手軽にVRゲームが作れる「Toy-ConガレージVR」! 今回は3Dゲームを作る機能やパーツが充実

 「Nintendo Labo」と言えば、Toy-Conを作って付属のゲームを楽しんで……のさらに一歩先に「自分だけのあそびを発明する」という広がりがあるのが醍醐味。この「VR Kit」では“VRゲームを作れる”というパワーアップを果たしている。

 これまでの「Nintendo Labo」だとゲームを作るというより工作的な方向性が強かったが、今回の「Toy-ConガレージVR」には、キャラクターやオブジェクトの3Dモデルなどの“VR対応の3Dグラフィックスゲーム”を作っていくためのパーツが加わっているのが大きな特徴だ。
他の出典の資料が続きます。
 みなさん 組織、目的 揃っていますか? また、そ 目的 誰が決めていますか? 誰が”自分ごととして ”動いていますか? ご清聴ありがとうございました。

 実際にVRゲームを作る工程をご紹介頂いた。ゲームを組み立てていくのは、これまでの「Nintendo Labo」シリーズと同様に黒い「2D編集画面」で行なう。まずは人型キャラクターのデータである「ヒト」を配置、ゲーム画面に切り替えてみると、何もない空間に人型のキャラが登場した。もちろん、「VRゴーグル」で見れば3D立体視で見ることができる。

 キャラが立っているだけではゲームにならないので、お次は2D編集画面で「スティックを倒したら」というデータを追加。これを「ヒト」の上下左右に繋げていく。これでゲーム画面にしてみると、Joy-Conの上下左右でキャラクターが操作できるようになった。
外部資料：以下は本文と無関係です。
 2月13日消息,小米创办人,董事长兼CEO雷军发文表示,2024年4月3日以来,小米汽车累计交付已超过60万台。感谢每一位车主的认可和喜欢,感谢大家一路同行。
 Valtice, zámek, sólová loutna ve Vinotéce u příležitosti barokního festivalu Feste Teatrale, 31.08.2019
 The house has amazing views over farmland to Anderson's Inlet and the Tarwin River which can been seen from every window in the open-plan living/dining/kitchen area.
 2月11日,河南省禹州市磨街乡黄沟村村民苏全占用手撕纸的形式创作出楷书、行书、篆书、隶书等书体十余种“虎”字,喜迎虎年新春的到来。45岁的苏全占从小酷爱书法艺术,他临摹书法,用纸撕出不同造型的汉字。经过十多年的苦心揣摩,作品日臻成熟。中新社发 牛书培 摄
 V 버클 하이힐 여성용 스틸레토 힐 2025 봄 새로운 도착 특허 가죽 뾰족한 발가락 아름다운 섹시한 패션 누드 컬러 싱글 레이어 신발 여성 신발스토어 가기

 続いてゲーム内にオブジェクトの箱を追加。さらに箱の中のひとつには「キャラクターがぶつかったらその箱が壊れる」というデータも追加したので、これで「壊れる箱」と「壊れない箱」ができた。そこからキャラクターの色を好きな色に変え、箱が壊れたら花火のエフェクトが出るようにして、「壊れる箱はどれかを当てる」というシンプルなゲームが完成!

 数分で作られたものだが、自分で考えて設定したものがゲーム画面としてちゃんとできていて、さらにはVRの全方位3D立体な世界の中で動いていて操作できるのを見ると、ちょっと感動してしまうものがある。

 「Toy-ConガレージVR」ではサンプルのゲームが64種類収録されている。2D編集画面で作りかたを参考にしたり、それを自分なりにアレンジして、オリジナルなゲームを作っていくということも可能だ。

 サンプルゲームのいくつかを遊ばせて頂いたのだが、VR空間の中で操作キャラクターをパドル代わりにしたエアホッケー的なゲームや、VR視点で超巨大なブロック崩しが楽しめたり。またVRゴーグルを使わずとも楽しめるスマブラ的な対戦ゲームもあったりと実に多彩だ。がんばればこういうゲームが作れることに驚かされつつ、遊んでみて楽しみつつ、自分のアイデアが生まれるきっかけにもなってくれるサンプルゲームだ。

つくる、遊ぶ、がぎっしりの、任天堂ならではを感じさせるVR体験!

 「Nintendo Labo Toy-Con04:VR Kit」をひととおり体験させて頂いたのだが、どのToy-Conにもユニークな仕掛けやしっかりとした手触りがあり、実際に手に持っている物を活用するからこそ、VRゲームの体験もより楽しいものになってくれる。

 風Toy-Conのようにかなりアナログなものもあるが、アナログな肌感覚までも取り入れているVRゲーム体験は、アイデアの面白さとしっかりとした遊びごたえの両方に彩られている見事なものだ。これが家庭で手頃な価格で、しかも自分が組み立てたもので楽しめるということに、改めて驚かされた。

 「Nintendo Labo」の奥深さの部分と言える「Toy-Conガレージ」も「Toy-ConガレージVR」となり、ゲーム画面で楽しむグラフィカルなゲームを作れるようになったのが大きい。最も手軽にVRで楽しめるゲームを作れる環境と言えるだろう。例えば自分が作ってみたものを友達に遊んでもらったり、家族で楽しんだり。そうして誰かに楽しんでもらえたことをきっかけに、モノ作りの喜びを知っていく。

 SNSに自分が作ったゲームをプレイしている動画を載せてみるということもできるので、アイデアたっぷりの作品たちに、「こういうこともできるのかー!」とか「このアイデアは思いつかなかった!すごい!」と驚かされる日がやってきそうだ。

 任天堂ならではのアイデアたっぷりなVRゲーム体験に、自分でVRゲームを作れる面白さ、いろいろな魅力がつまってる「Nintendo Labo Toy-Con04:VR Kit」。ぜひチェックして頂きたい。